Term deliveries were observed in 33/37 of cases (89,2%) in Group 1 and in 27/32 of women (84,4%) in Group 2, preterm deliveries – in 4/37 of women (10,8%) in Group 1, and in 5/32 of patients (15,6%) in Group 2. Preterm rupture of membranes was diagnosed in 6/37 of patients (16,2%) in Group 1, and in 9/32 of patients (28,1%) in Group 2.

In Group 1 spontaneous deliveries happened in 28/37 of women (75,7%), mean duration of delivery was 8 hours 15 min. ± 1 hour 20 min., blood loss volume was 326,7±43,5 ml. In Group 2 vaginal delivery happened in 20/32 of women (62,5%), mean duration of delivery was 10 hours 44 min. ± 1 hour 26 min., blood loss volume was 355,8±56,7 ml.

The analysis of perinatal outcomes demonstrated that gestational age of newborns ranged 35–41 weeks. Apgar score valued 7–9 points in the main study group, and 5–9 points – in the comparison group. Number of preterm babies corresponded to preterm labor rate in the groups. Mean weight of term newborns in Group 1 was 3432±34 g, in Group 2 it comprised 3245±28 g, in Group 1 preterm newborns the mean weight was 2340±45 g, in Group 2 preterm newborns it was 2268±65 g. Newborn asphyxia was registered in 13% of cases (5/37) in the main group and in 26% (7/32) of cases in the comparison group; intrauterine infection symptoms were detected in: 10,8% (4/37) in Group 1 versus 21,8% (7/32) in Group 2.

Although no significant differences were found in the incidence rate of complicated pregnancy outcomes (preterm labor, premature rupture of membranes), combination therapy (Group 1) was associated with a more favorable labor course: labor duration was significantly shorter, and blood loss tended to decrease. Furthermore, neonatal asphyxia and signs of intrauterine infection were less common in the study group.

The results of the conducted analysis confirm active expression of innate immunity factors in reproductive tract mucosa. Vaginal microecosystem is regulated by dynamic exposure between local immune protective factors and opportunistic microflora population.
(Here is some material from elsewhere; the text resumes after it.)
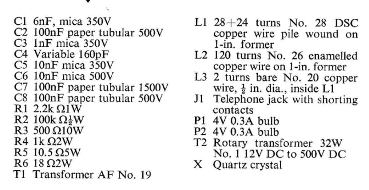 De zender is een simpele, kristal gestuurde oscillator met de beam-tetrode 807 (VT100). De modulatorbuis is een 6J5G. De gloeidraden zijn in serie geschakeld en aangezien de 6J5 wat minder stroom verbruikt dan de 807 is er een weerstand over de gloeidraden van de triode geplaatst. Dezr 6J5 is eigenlijk een soort variabele weerstand die aan het schermrooster van de 807 verbonden is. De buis oscilleert op een frequentie van ca 400 Hz door meekoppeling van het anodesignaal naar het signaalrooster. Door de kathodeweerstand wordt het rooster nog een beetje negatief gemaakt zodat de toon er niet al te belabberd uit komt.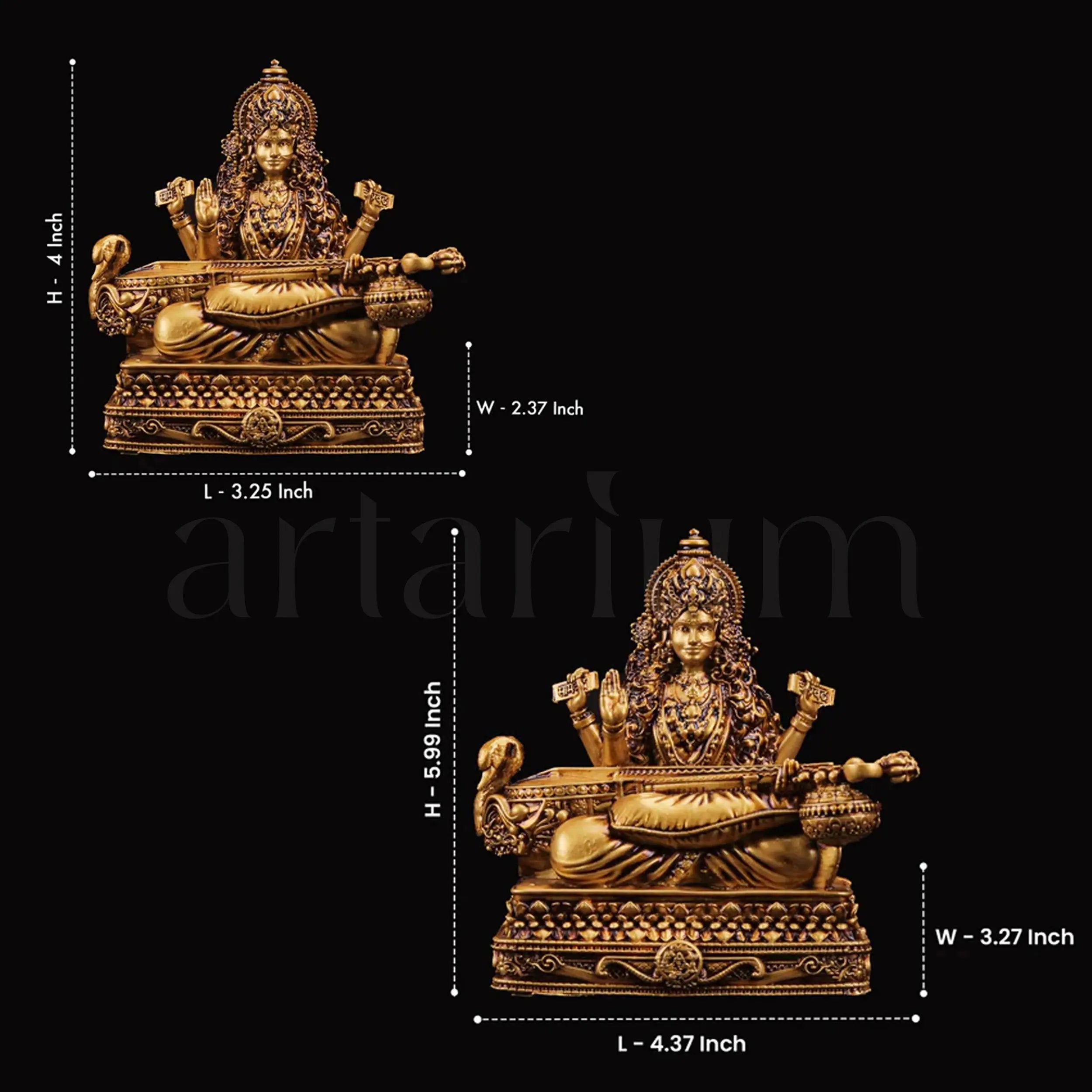 The Vidya Saraswati god Idol is a beautifully handcrafted piece by skilled artisans. This idol showcases Goddess Saraswati statue seated gracefully on a traditional chowki (stool), holding a veena, which symbolises knowledge, wisdom, and harmony. Revered as the goddess of education, music, and creativity, Saraswati Mata inspires learning and enlightenment. Perfect for any home, this idol brings an aura of peace, positivity, and spiritual growth to your living space. It’s a wonderful addition to your home decor, infusing your environment with grace and wisdom. Saraswati’s faithful companion, the swan, is also present, representing purity and discernment.

Key components of this system are endogenic cationic AMPs, that participate mainly both the regulation of inflammatory reaction and in the formation of specific immune response [9, 28, 29]. Adequate synthesis of these peptides is critical to ensure effective antimicrobial protection. Along with a decrease in the functional activity of AMPs, a progressive increase in the number of facultative microflora is observed together with the reduction in the population of obligate microorganisms. In clinical practice it is manifested in more severe forms of BV.

Conclusion

Based on the results of the study, we can conclude that expanding the diagnostic algorithm for pregnant women with inflammatory and dysbiotic lesions in the lower reproductive tract which comprises incorporation of systemic and local immunity parameters, along with a comprehensive assessment of the vaginal microbiome, opens up opportunities for personalized therapy. Although BV does not pose an immediate threat to life, its treatment, especially during pregnancy, is often ineffective due to physiological immunosuppression and hormonal changes.
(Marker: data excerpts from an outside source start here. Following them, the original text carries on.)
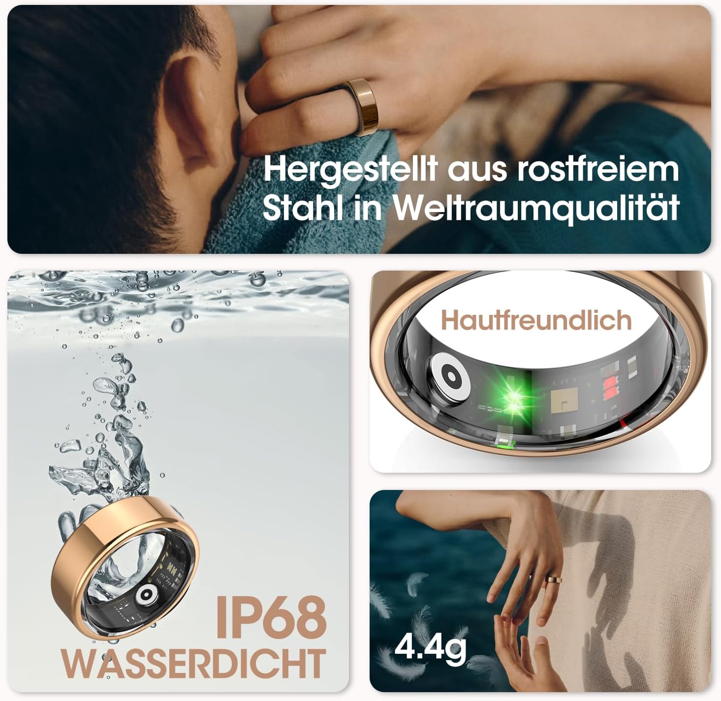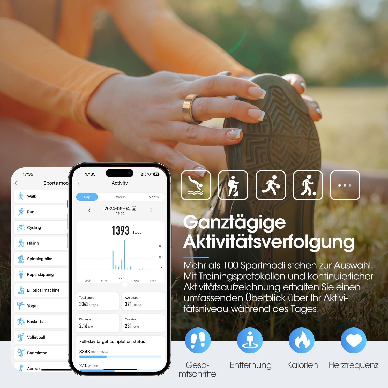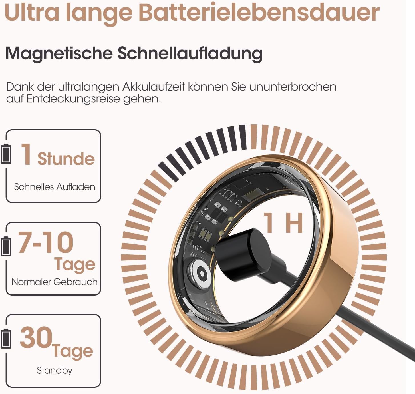 Leichtes Design, kaum wahrnehmbar: Dieser intelligente Ring besteht aus leichtem Material, das ein komfortables und kaum wahrnehmbares Tragenerlebnis gewährleistet. Sein schlankes Design ist nicht nur elegant, sondern auch ideal für den ganztägigen Gebrauch, sei es im Alltag, in der Arbeit oder im Sport. Das leichte Gewicht verursacht keine Belastung, sodass Sie seine Anwesenheit kaum bemerken, während es Ihre täglichen Aktivitäten nicht beeinflusst und stellt sicher, dass Sie immer in Ihrer besten Form sind.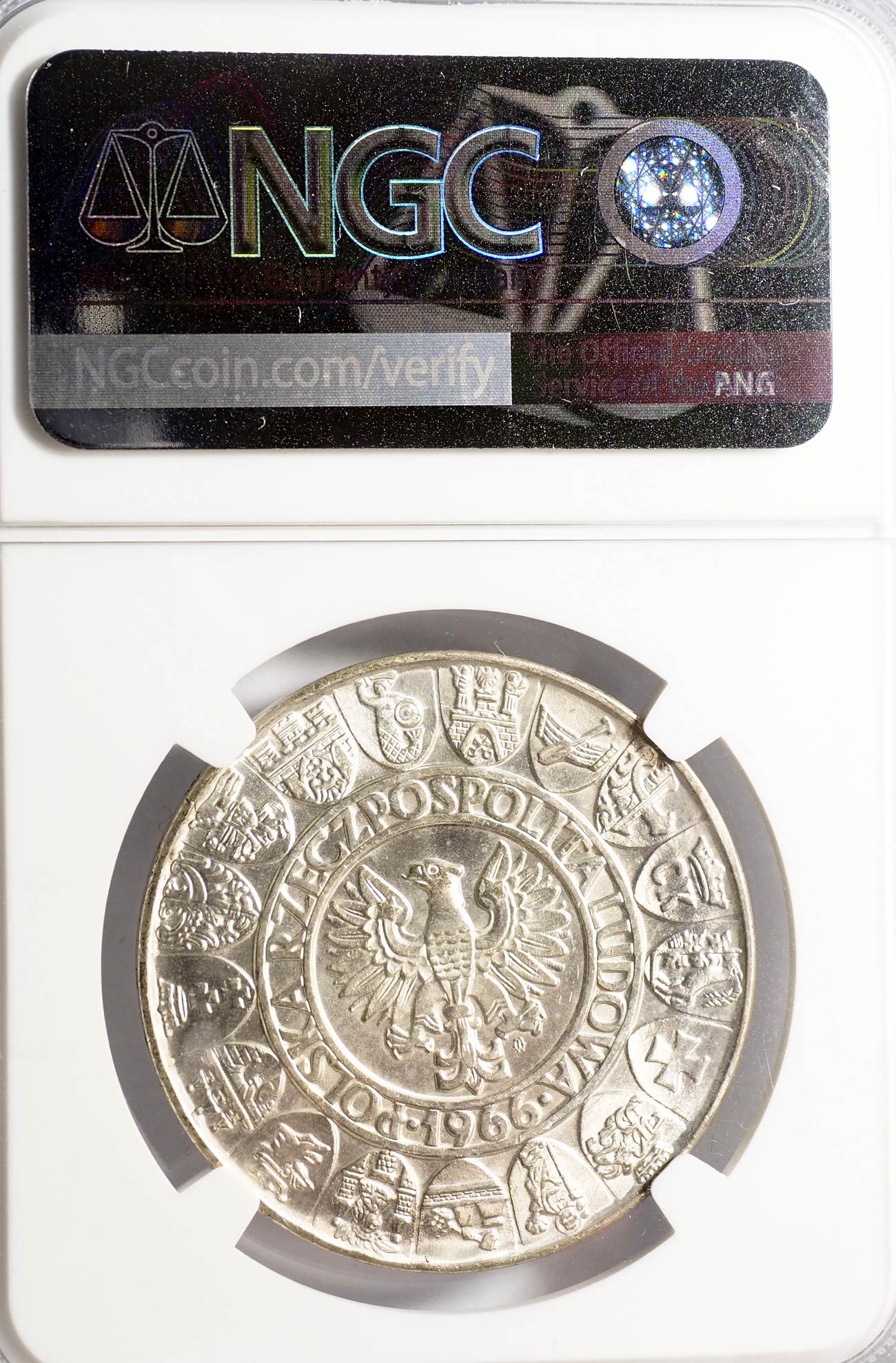 Moneta jak na zdjęciu. Grading firmy NGC- nota MS64. Srebro, waga 20,2 g. Katalog: Fischer P 187.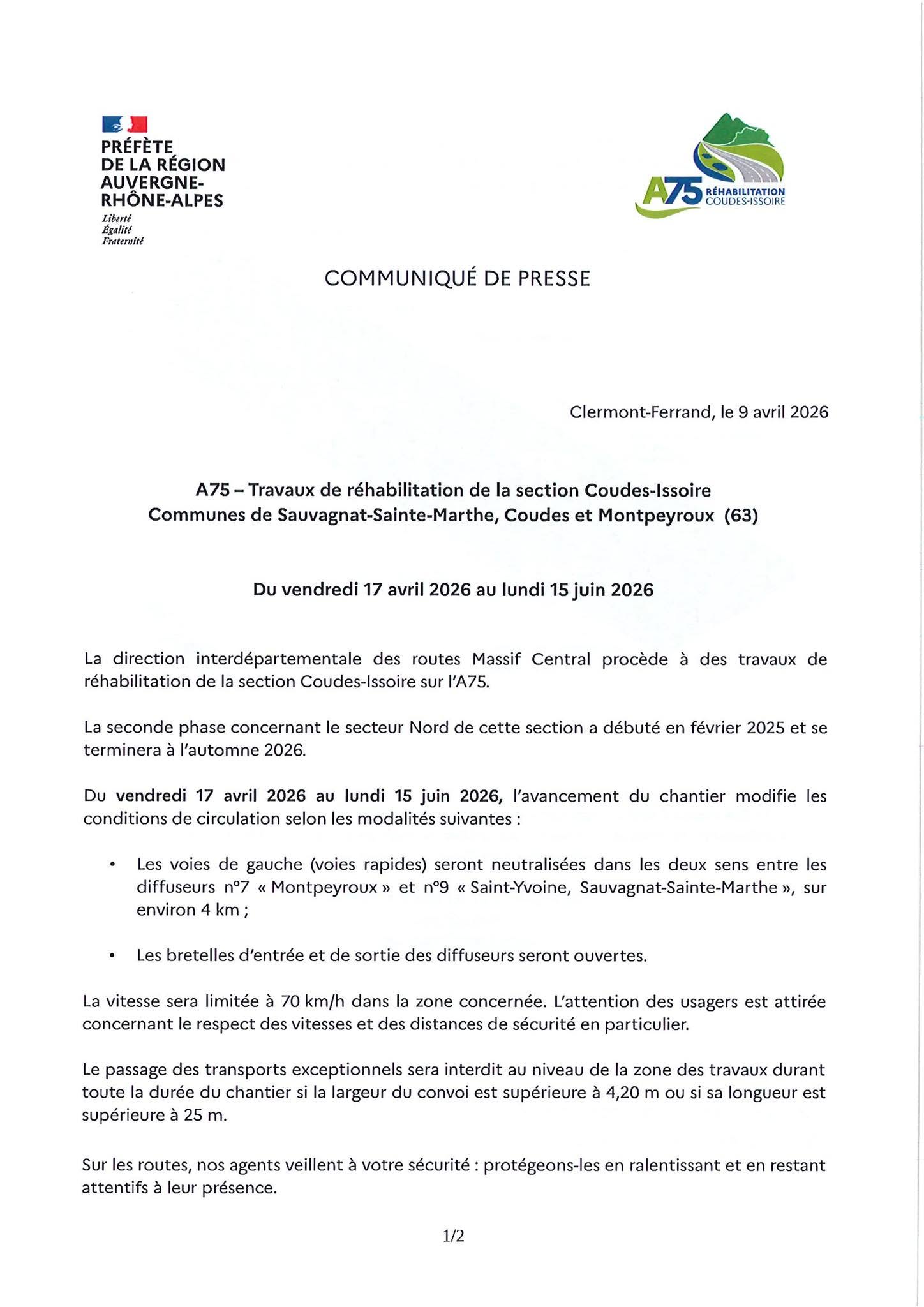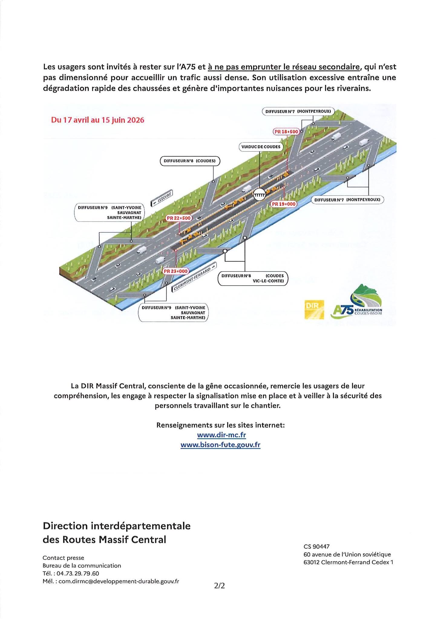 Information travaux sur l'A75

Furthermore, the obtained results demonstrate the advantages for the treatment of BV by combining antibacterial therapy with the Superlymph immunomodulator and the eubiotic Acylact Duo. This regimen reduced the recurrence rate and prolonged remission duration, proving the implementation of combination therapy into clinical practice for the management of pregnant women with BV. This approach not only alleviates acute symptoms of the disease but also restores normal vaginal microbiota, ensuring a long-lasting therapeutic effect.